Look at the state of cutting edge physics and cosmology (let's invent infinite multiverses to explain the precise fine tuning in our one! That makes sense, right?! No God here!!)

Evolution theory? Wasn't it Crick himself who said the planet hasn't even been here long enough for the process of evolution to have occurred (he believed in the theory of "pan-spermia", that basic life was brought to earth on a meteorite or something - basically it's all just one big mystery!)

I've read another post of Brian's that begun with some "realities" or some such compared to the illusions of those insane people who believe in some "spiritual" nonsense or other, and he again mentioned the "big bang theory" as one of his truths.

I guess he missed the "theory" part at the end of it.

Hey Brian, blow open your mind a little more, challenge your assumptions about the "big bang" with this top quality BBC documentary on the subject, top leading edge scientists are on it:

https://www.youtube.com/watch?v=zPv1sjMv37w

Nothing is certain. It's all just stories you tell yourself to make sense of your, admittedly incredibly astonishing, truely mind-blowing & incomprehensible existence and universe.

It is not that I believe there is a "God" or not, it is the sheer fact the word "God" does not do any justice whatsoever to reality itself. And once you see it, then all worship, and indeed non-worship, is acceptable. It is all, by the very fact of it's own nature, worship of that which cannot even be named.

I am describing something, and all you are seeing is the words "God" and "worship". Science & rationality won't help anyone here. An automaton will never understand a poem.

Nice post Manjit - I live my life in a state of uncertainty about the big questions of existence. Neither the dogmas of religion nor the dogmas of science have managed to put a dent in it. So your thoughts resonate with me.

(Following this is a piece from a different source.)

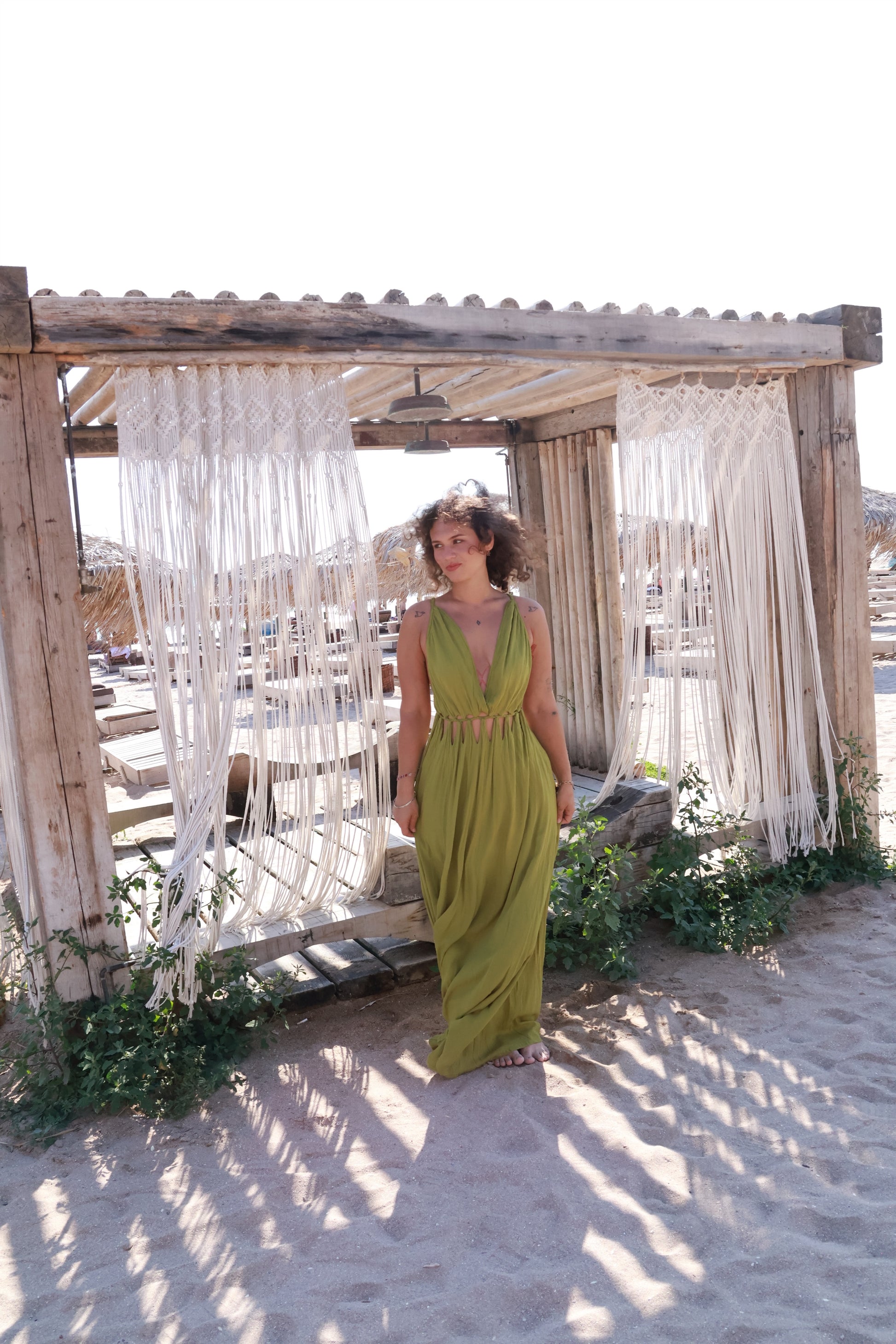 Materialul vaporoas și mișcarea fluidă a rochiei se completează cu decupaje sexy în talie, care conturează elegant linia corpului. Închiderea este realizată printr-un nasture plasat discret la spate, pe linia bustului, detaliu care fixează partea superioară fără a strânge sub piept, păstrând lejeritatea și confortul.

You are so religious Brian.

Omg, Mankit is so smart! This bullstinking blog's reign of terror has come to an end! It has been truly blessed in receiving his profound wisdom, spiritual insight, and poetic eloquence. Thank the hallowed all-one Mystery Gosh that his sacred soul utterances will be preserved here for all bullsmell scientismisists. Praise be to Manlit, messenger of God-(K)No-Wing!!

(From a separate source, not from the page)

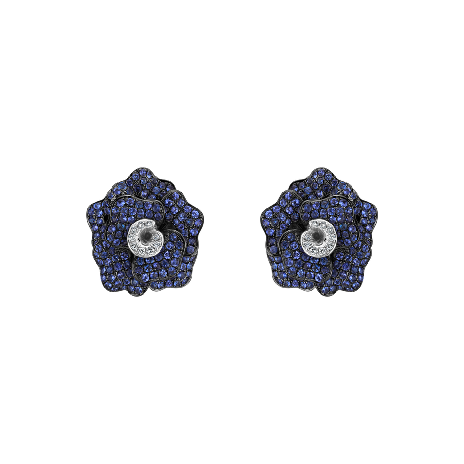 Exquisitely tuned earrings in 18ct black and white gold adorned with brilliant diamonds and deep sapphire are a solemn expression of the depth of your feelings and an opulent sign of your taste. The jewelry is part of the Flowers collection.

There seems to be some potential problems with some of those author's views.

'and that when "complete" what science tells us will not be surprisingly different from what it tells us today'

This sounds like the scientific version of Fukuyama's 'the end of history', wherein liberal democracies were supposed to inevitably triumph... What if someone had made this claim of his after Newton published his work? It appears and feels like he's probably correct, but that's partially due to a number of our biases.

His argument regarding fatalism vs determinism seems unconvincing.

"Of course, we are all going to die. The difference between fatalism and determinism is this: If fatalism is right, you'll die of the same thing no matter what you do. If determinism is right, how you die, what you die of, depends on what you did in life.
(Did you smoke, overeat, wear your seat belt?) That's a big difference. Some deaths are worse than others. Which we experience will be determined, but not fated."

To an observer outside of time, what would the difference between the two be? Nothing.